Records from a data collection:
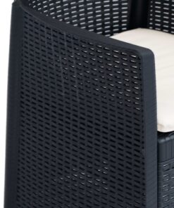 De rattan-look tuinset is gemaakt van massief kunststof, waardoor hij duurzaam, sterk en weerbestendig is. Bovendien is hij gemakkelijk schoon te maken. Zijn rattan-look voegt een vleugje natuurlijke charme toe aan je leefruimte buiten. De tuinset is ook lichtgewicht en daardoor gemakkelijk te verplaatsen. De tuintafel en stoelen zijn eenvoudig te monteren.
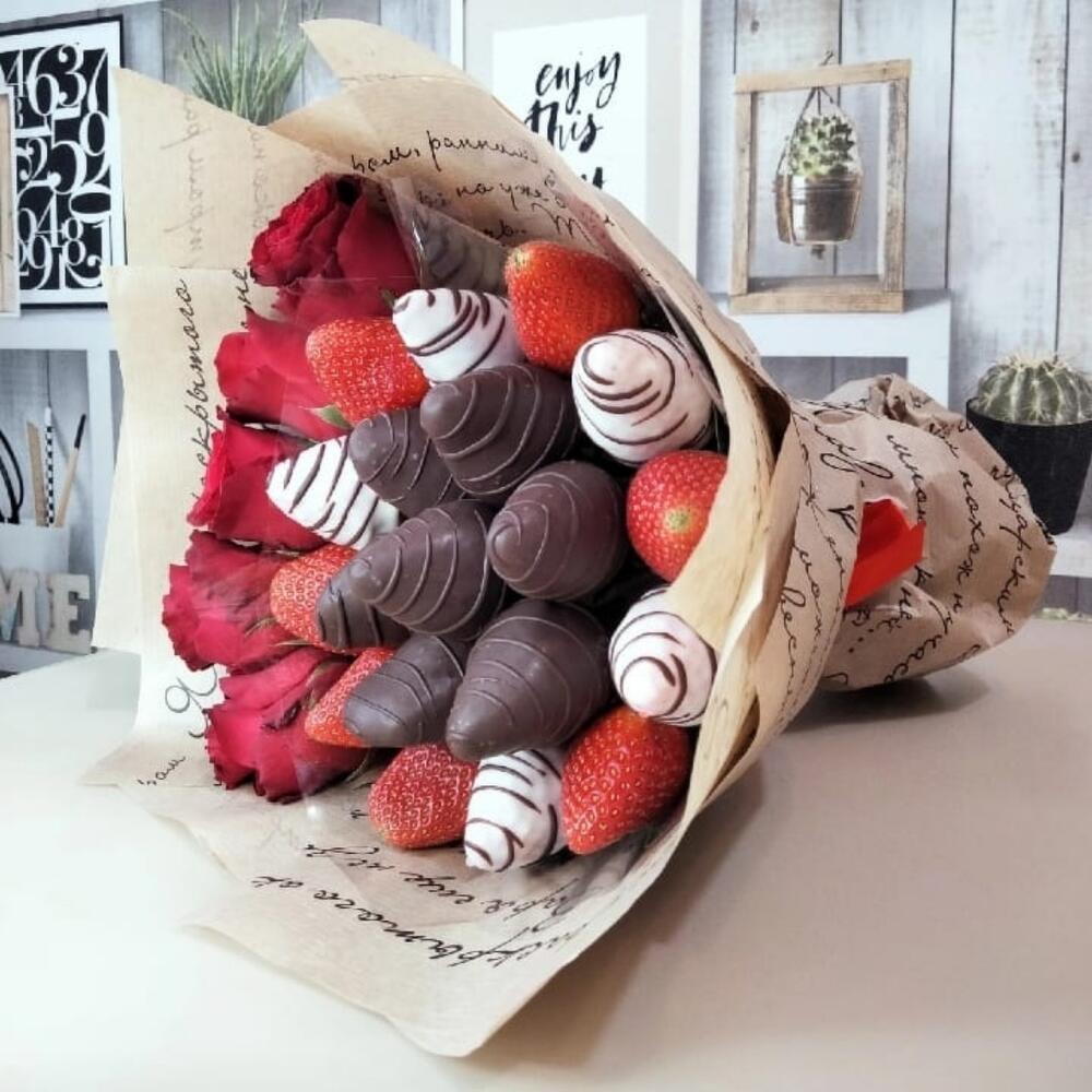 Роза – 5 шт.Клубника в шоколаде – 12 шт.Клубника – 7 шт.
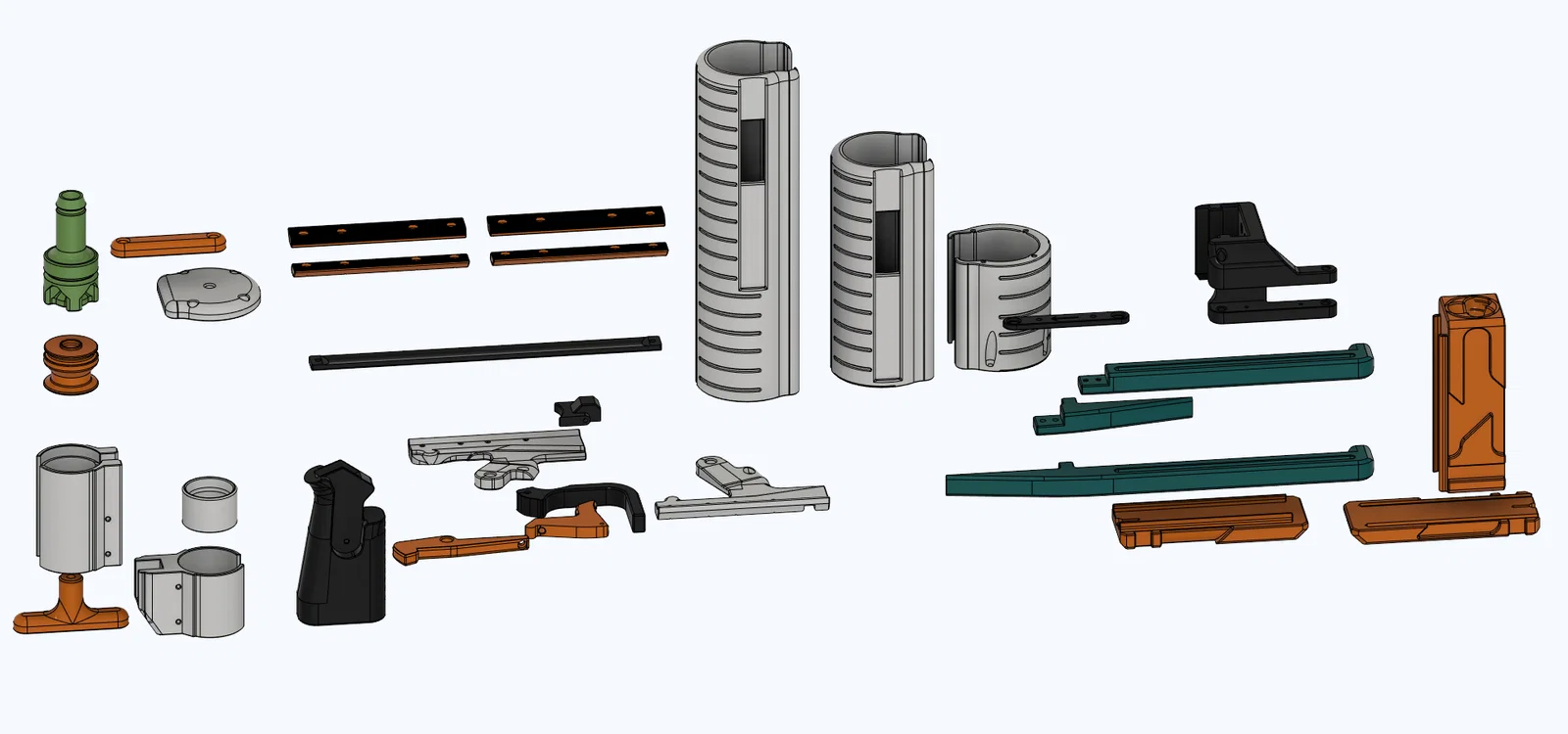 Các phần sear, ram, puller, sealer, spring cup, và T pull nên in với 5 walls, 100% infill.
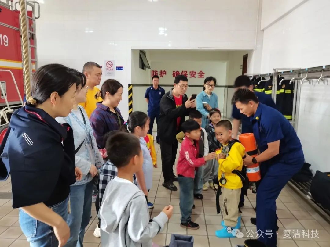 活动现场,孩子在消防员的带领下,近距离参观了各类消防车、消防装备、训练场等,消防员用通俗易懂的语言讲解了这些设备的功能和使用方法,孩子们好奇的这里摸摸、那里看看,不时的提出各种天真可爱的问题,消防员都耐心地一一解答。
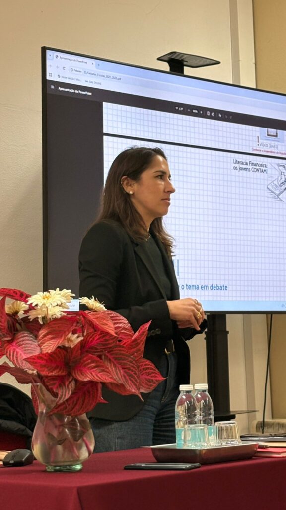 A sessão teve como objetivo apoiar e enriquecer o trabalho das listas candidatas, promovendo a reflexão sobre a importância da literacia financeira e o papel dos jovens na participação cívica e democrática. Ao longo da palestra, a Dr.ª Marina Gonçalves destacou a relevância de decisões financeiras conscientes e informadas, bem como a necessidade de uma cidadania ativa e responsável.
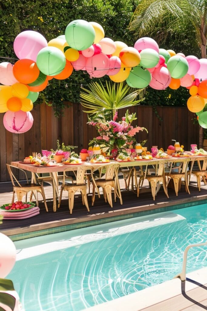 This simple yet stunning decor transforms the backyard into a beautiful, playful space. It’s a great way to make a big visual impact for your pool party without complex setups.
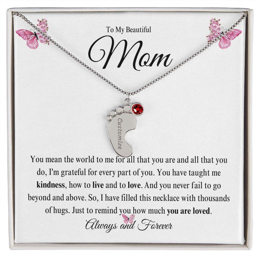 To My Beautiful Mom | You are Loved | Baby Feet Necklace with Birthstone - Gift for Mother's Day, Birthdays, Holidays
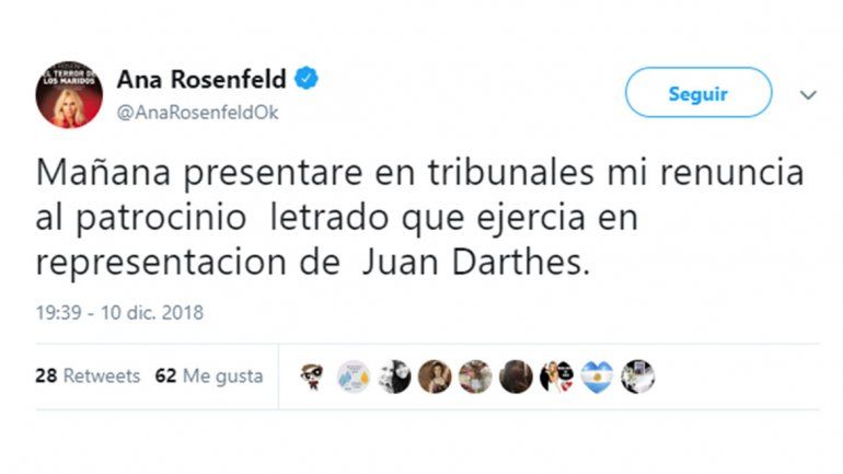"Mañana presentare en tribunales mi renuncia al patrocinio letrado que ejercía en representación de Juan Darthes", escribió en Twitter la abogada que hace unos meses generó polémica al defender al también cantante de tangos al señalar que "nadie puede venir ahora a inventar ni a decir cosas que no pudieron haber quedado grabadas en ese momento".
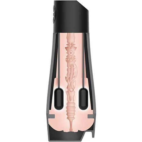 At the top of the stroker, you will find 4 easy to use buttons. Here you can increase or decrease the vibration settings, as well as toggle through each vibration pattern and shut the stroker off with a simple button push that is all within reach while stroking yourself to orgasm.
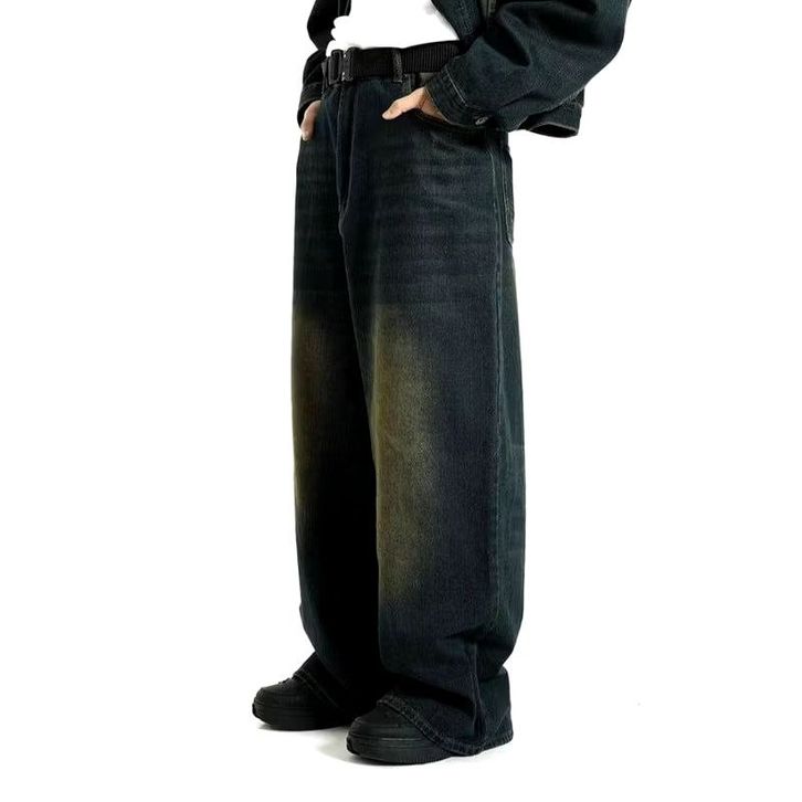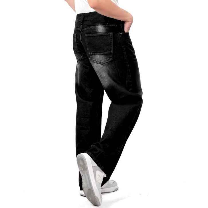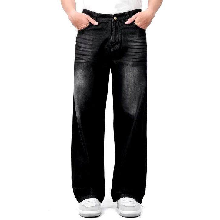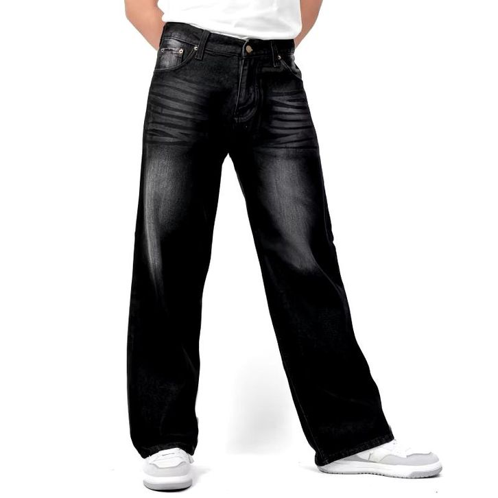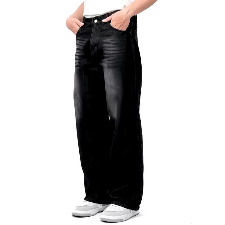 Celana Jeans Wisker Pria Unisex Wide Leg Lebar Gombrong Skena Black
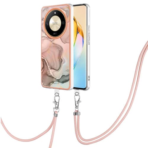 Funda para Teléfono Honor X9B con Imd Doble Cara y Revestimiento Mármol Galvanizado con Cordón (Oro Rosa)
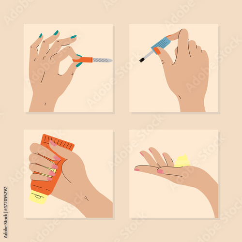 Ruční manikúra set, vektorové izolované ilustrace. Kosmetické ošetření rukou a nehtů, hygiena. Nástroje a příslušenství pro manikúru. Studio Nail art, služby lázeňského salonu.
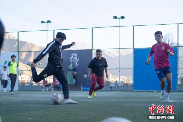 圖為12月12日,拉薩市城關(guān)區(qū)仙足島室外足球場里,市民正在踢球。中新社記者 貢嘎來松 攝
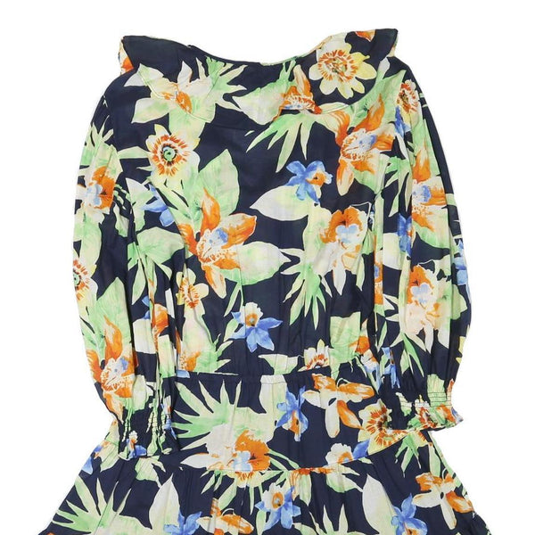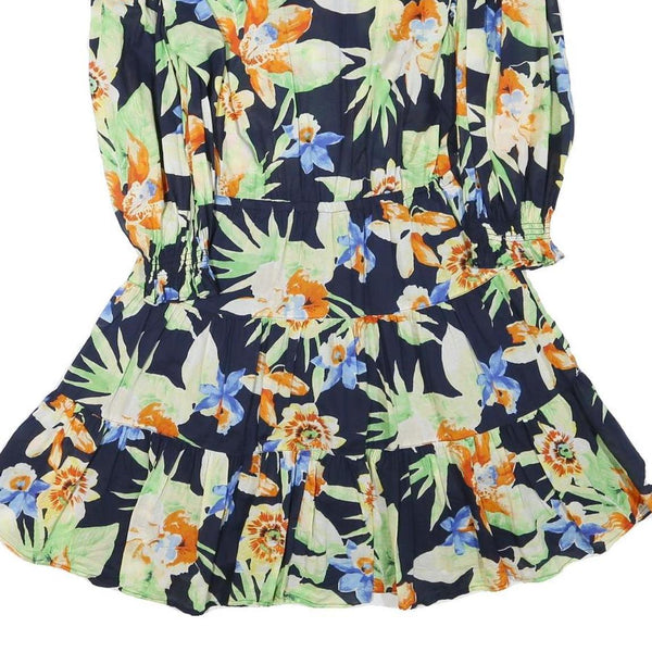 This Lauren Ralph Lauren dress features a vibrant navy blue base adorned with a colourful floral pattern in shades of green, orange, white, and blue. It has a flattering wrap style with a V-neckline and frill detail around the neck and hem, adding a feminine touch to the design.
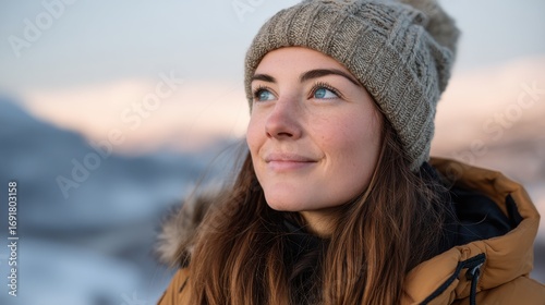 Portrait of a woman enjoying the view of snow-capped mountains at sunset.
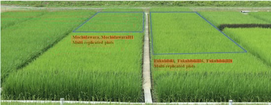 Multi-replicated yield trial plots of MochidawaraH1, FukuhibikiH6, and FukuhibikiH8 at maximum tillering stage in paddy fields in Ibaraki, Japan, in 2018.
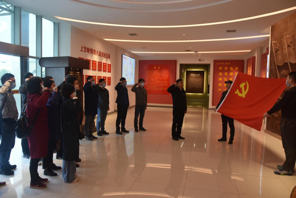 全体党员首先来到位于武汉市黄陂区的上甘岭特功八连荣誉室。上甘岭特功八连所在部队是一支具有光荣传统的红军部队,1931年创建于鄂豫皖根据地,八连在举世闻名的上甘岭战役中浴血奋战43天,坚守坑道14昼夜,歼敌1700余名,最终将有381个弹孔的战旗插上了上甘岭主峰,荣立集体特等功,他们用鲜血和生命铸就了“听党指挥、英勇顽强、艰苦奋斗、团结友爱、严守纪律”的上甘岭黄继光精神。从此,“只吹冲锋号,不打退堂鼓”成为激励一代代八连官兵的连魂。
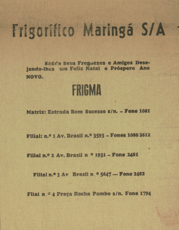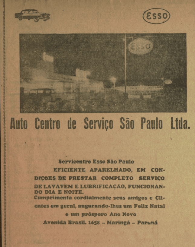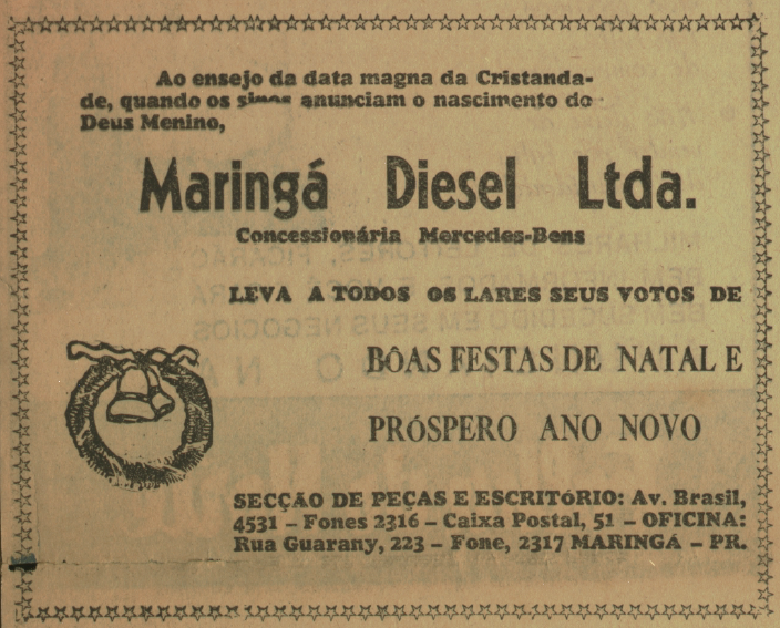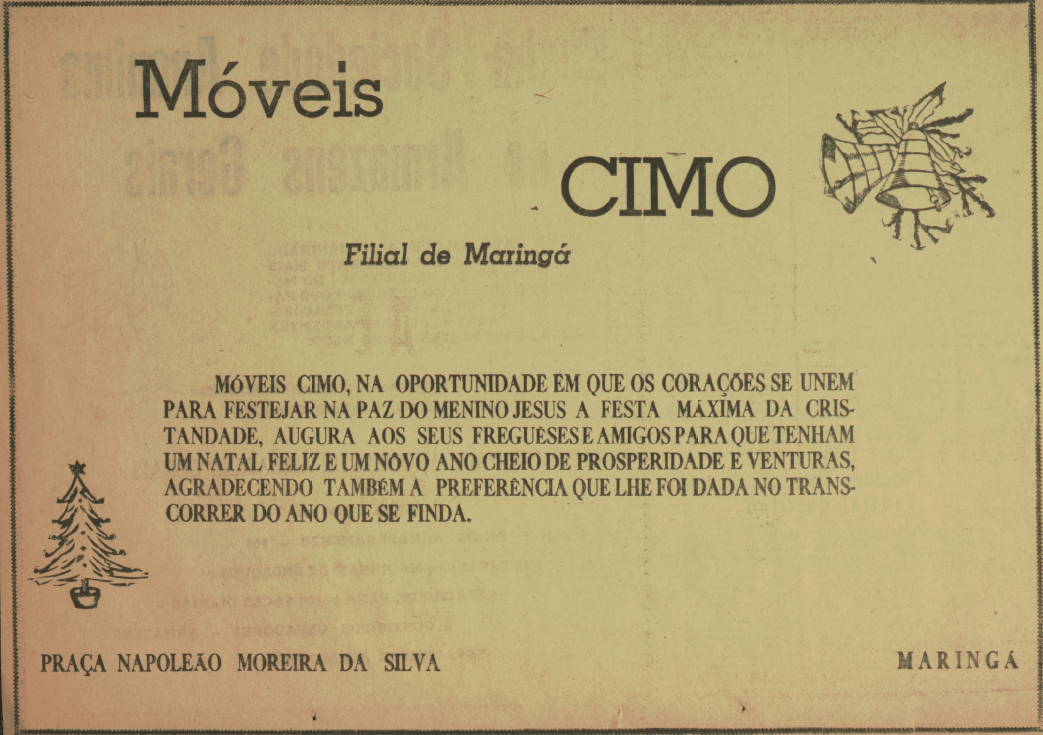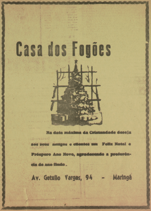 A seguir, alguns dos anúncios veiculados naquela edição comemorativa: 1º) Casa dos Fogões, que funcionava na avenida Getúlio Vargas, nº 94; 2º) Auto Centro de Serviço São Paulo, também conhecido como Servicentro Esso São Paulo, localizado na avenida Brasil, nº 1.658, esquina com a avenida Paraná; 3º) Indaiá Hotel, situado na atual rua Basílio Sautchuk, esquina com a rua Joubert de Carvalho; 4º) Frigorífico Maringá (Frigma), que, além do abatedouro na estrada Bom Sucesso (atual continuação da avenida Cerro Azul), mantinha mais quatro açougues espalhados pela cidade; 5º) Maringá Diesel Ltda., concessionária de caminhões Mercedes-Benz; 6º) Móveis Cimo, que teve loja na praça Napoleão Moreira da Silva e fabricou as poltronas de diversos cinemas da cidade, como o Cine Horizonte.

What to produce:
From the line containing "Portrait of a" to the last line of the entries, copy every line exactly, including both ends, and leave out the pictures.

Solution to the exercise:
 Portrait of a woman enjoying the view of snow-capped mountains at sunset.
 Multi-replicated yield trial plots of MochidawaraH1, FukuhibikiH6, and FukuhibikiH8 at maximum tillering stage in paddy fields in Ibaraki, Japan, in 2018.
 全体党员首先来到位于武汉市黄陂区的上甘岭特功八连荣誉室。上甘岭特功八连所在部队是一支具有光荣传统的红军部队,1931年创建于鄂豫皖根据地,八连在举世闻名的上甘岭战役中浴血奋战43天,坚守坑道14昼夜,歼敌1700余名,最终将有381个弹孔的战旗插上了上甘岭主峰,荣立集体特等功,他们用鲜血和生命铸就了“听党指挥、英勇顽强、艰苦奋斗、团结友爱、严守纪律”的上甘岭黄继光精神。从此,“只吹冲锋号,不打退堂鼓”成为激励一代代八连官兵的连魂。
 A seguir, alguns dos anúncios veiculados naquela edição comemorativa: 1º) Casa dos Fogões, que funcionava na avenida Getúlio Vargas, nº 94; 2º) Auto Centro de Serviço São Paulo, também conhecido como Servicentro Esso São Paulo, localizado na avenida Brasil, nº 1.658, esquina com a avenida Paraná; 3º) Indaiá Hotel, situado na atual rua Basílio Sautchuk, esquina com a rua Joubert de Carvalho; 4º) Frigorífico Maringá (Frigma), que, além do abatedouro na estrada Bom Sucesso (atual continuação da avenida Cerro Azul), mantinha mais quatro açougues espalhados pela cidade; 5º) Maringá Diesel Ltda., concessionária de caminhões Mercedes-Benz; 6º) Móveis Cimo, que teve loja na praça Napoleão Moreira da Silva e fabricou as poltronas de diversos cinemas da cidade, como o Cine Horizonte.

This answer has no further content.